* The task *
Look below for the line that has "1、项目名称:盐边县红格大面"; output exactly from it through the line that has "This East Penn", and leave the pictures out.

* The input *
»»

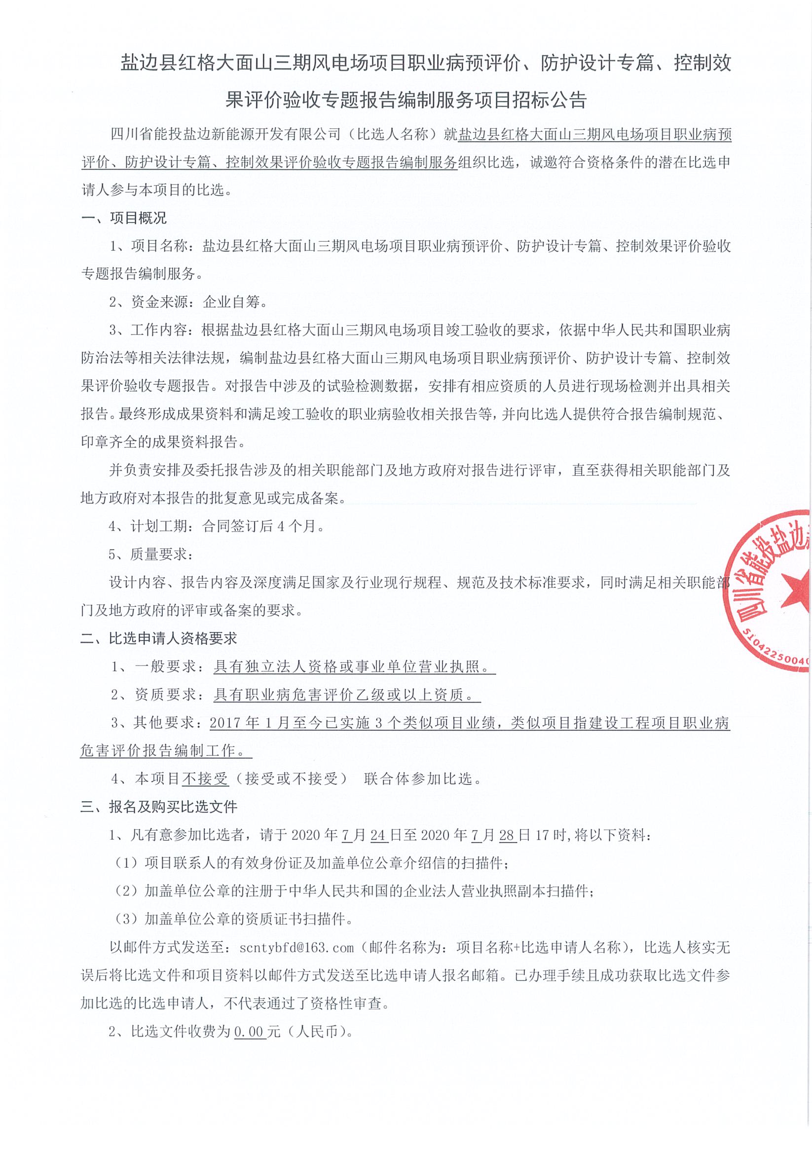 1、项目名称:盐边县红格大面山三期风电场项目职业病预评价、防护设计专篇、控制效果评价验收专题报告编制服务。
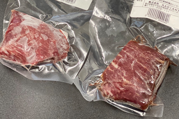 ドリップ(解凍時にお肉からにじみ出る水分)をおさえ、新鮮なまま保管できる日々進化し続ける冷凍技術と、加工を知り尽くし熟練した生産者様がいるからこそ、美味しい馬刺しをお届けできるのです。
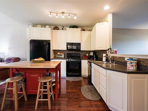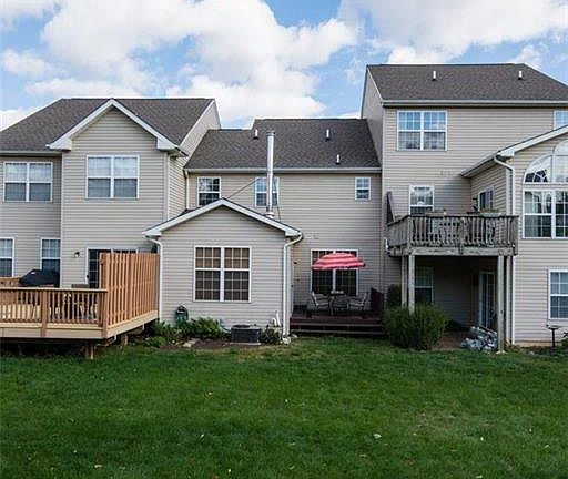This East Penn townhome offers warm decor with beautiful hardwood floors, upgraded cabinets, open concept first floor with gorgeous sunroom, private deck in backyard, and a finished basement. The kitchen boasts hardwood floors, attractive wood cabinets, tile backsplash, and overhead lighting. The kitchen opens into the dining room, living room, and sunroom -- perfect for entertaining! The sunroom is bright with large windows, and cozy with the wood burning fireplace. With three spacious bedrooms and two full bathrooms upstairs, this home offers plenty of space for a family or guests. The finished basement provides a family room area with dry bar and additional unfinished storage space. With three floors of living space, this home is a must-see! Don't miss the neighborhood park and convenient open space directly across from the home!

««
»»

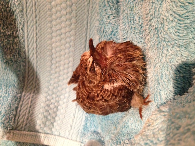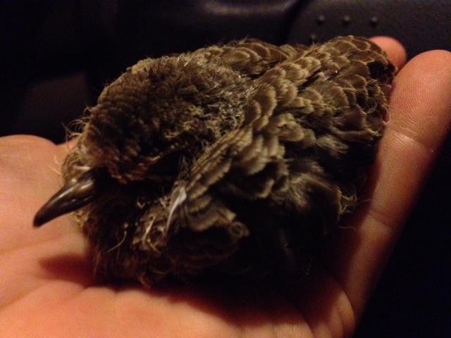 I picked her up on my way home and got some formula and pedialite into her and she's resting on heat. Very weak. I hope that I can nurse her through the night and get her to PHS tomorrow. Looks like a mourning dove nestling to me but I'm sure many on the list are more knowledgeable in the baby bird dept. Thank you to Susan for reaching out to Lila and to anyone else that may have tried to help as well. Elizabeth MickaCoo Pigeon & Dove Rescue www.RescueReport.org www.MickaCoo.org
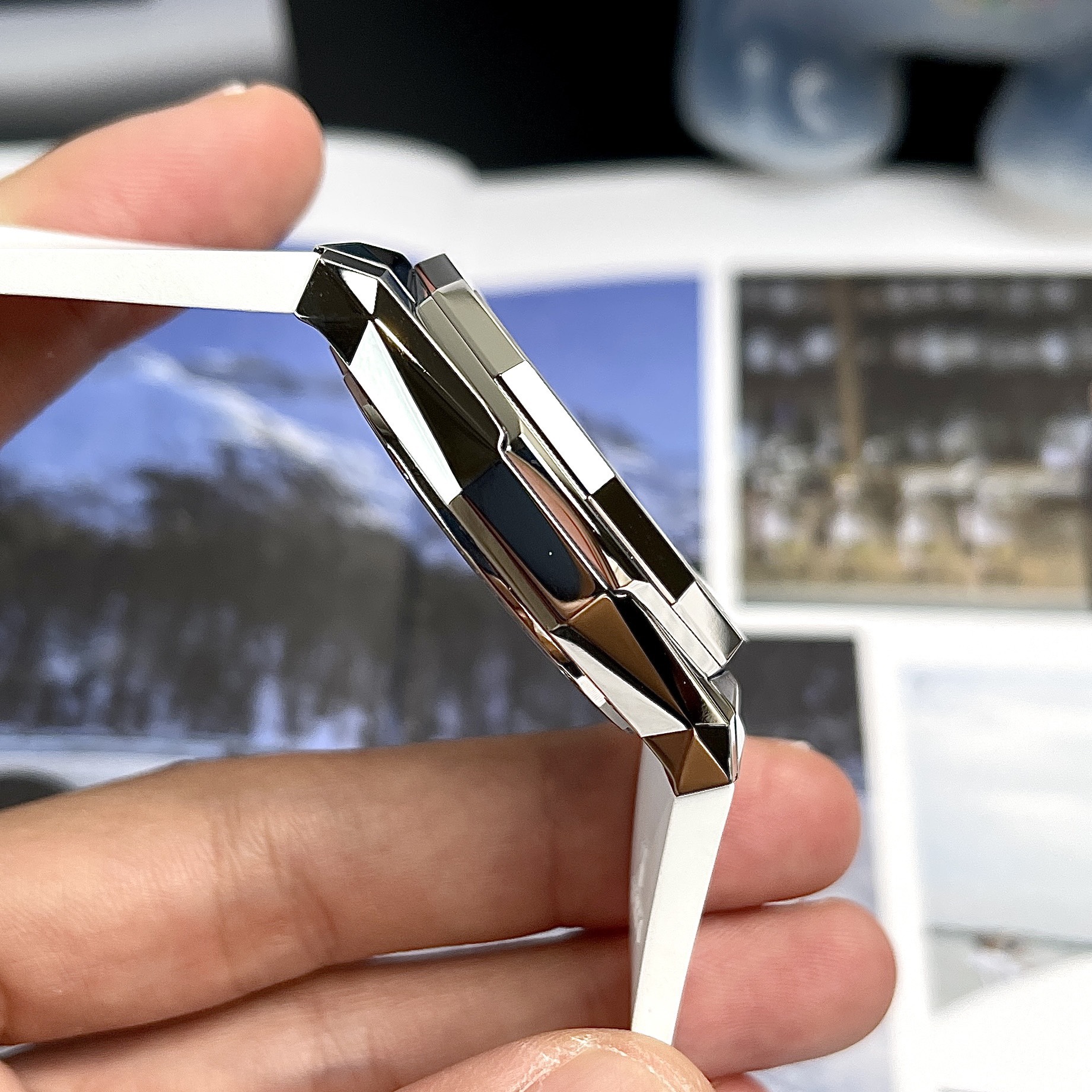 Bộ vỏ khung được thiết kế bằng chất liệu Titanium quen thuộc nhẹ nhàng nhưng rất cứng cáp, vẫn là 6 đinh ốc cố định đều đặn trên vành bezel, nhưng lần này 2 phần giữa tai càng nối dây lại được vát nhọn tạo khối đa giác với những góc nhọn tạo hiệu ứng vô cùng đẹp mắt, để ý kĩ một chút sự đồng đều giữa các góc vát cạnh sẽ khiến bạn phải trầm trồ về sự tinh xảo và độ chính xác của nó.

««

* Your solution *
 1、项目名称:盐边县红格大面山三期风电场项目职业病预评价、防护设计专篇、控制效果评价验收专题报告编制服务。
 ドリップ(解凍時にお肉からにじみ出る水分)をおさえ、新鮮なまま保管できる日々進化し続ける冷凍技術と、加工を知り尽くし熟練した生産者様がいるからこそ、美味しい馬刺しをお届けできるのです。
This East Penn townhome offers warm decor with beautiful hardwood floors, upgraded cabinets, open concept first floor with gorgeous sunroom, private deck in backyard, and a finished basement. The kitchen boasts hardwood floors, attractive wood cabinets, tile backsplash, and overhead lighting. The kitchen opens into the dining room, living room, and sunroom -- perfect for entertaining! The sunroom is bright with large windows, and cozy with the wood burning fireplace. With three spacious bedrooms and two full bathrooms upstairs, this home offers plenty of space for a family or guests. The finished basement provides a family room area with dry bar and additional unfinished storage space. With three floors of living space, this home is a must-see! Don't miss the neighborhood park and convenient open space directly across from the home!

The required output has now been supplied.